The display control means includes a control information change screen including at least an input means for inputting the document identification information of the control target document and a setting change means capable of changing the control information of the control target document. The information processing apparatus according to claim 5, wherein the information processing apparatus is displayed.

A reading step of reading a document in response to a processing request input by the input means, and outputting the read document as image data;
A character information extraction step of performing character recognition processing by specifying a character placement portion from the image data output in the reading step, and outputting first character information based on the recognized character data;
As information related to the control target document that is a target for controlling the document processing, second character information that is information related to characters included in the control target document, and one or more types of the document for the control target document The first character information is output in the character information extraction step by referring to the second character information of the control target document from an information storage means for storing at least control information for determining which of the processing is to be controlled. A similarity determination step for determining whether or not the document content of the document to be controlled is similar to the character information of
In response to the determination of the similarity determination step, a control target document whose document content is similar to that of the original is specified, and the control information of the control target document specified from the information storage unit is referred to in response to the processing request for the original. An information processing method comprising: a process determination step for determining whether or not document processing is possible.

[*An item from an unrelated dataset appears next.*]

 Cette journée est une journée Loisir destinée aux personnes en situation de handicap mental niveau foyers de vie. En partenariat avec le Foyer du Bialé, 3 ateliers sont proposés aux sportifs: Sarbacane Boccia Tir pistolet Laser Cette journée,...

A program for an information processing device,
A reading step of reading an original in accordance with a processing request input by an input means and outputting image data;
A character information extraction step of performing character recognition processing by specifying a character placement portion from the image data output in the reading step, and outputting first character information based on the recognized character data;
As information related to the control target document that is a target for controlling the document processing, second character information that is information related to characters included in the control target document, and one or more types of the document for the control target document The first character information is output in the character information extraction step by referring to the second character information of the control target document from an information storage means for storing at least control information for determining which of the processing is to be controlled. A similarity determination step for determining whether or not the document content of the document to be controlled is similar to the character information of
In response to the determination of the similarity determination step, a control target document whose document content is similar to that of the original is specified, and the control information of the control target document specified from the information storage unit is referred to in response to the processing request for the original. A program for causing a computer to execute a process determination step for determining whether document processing is possible.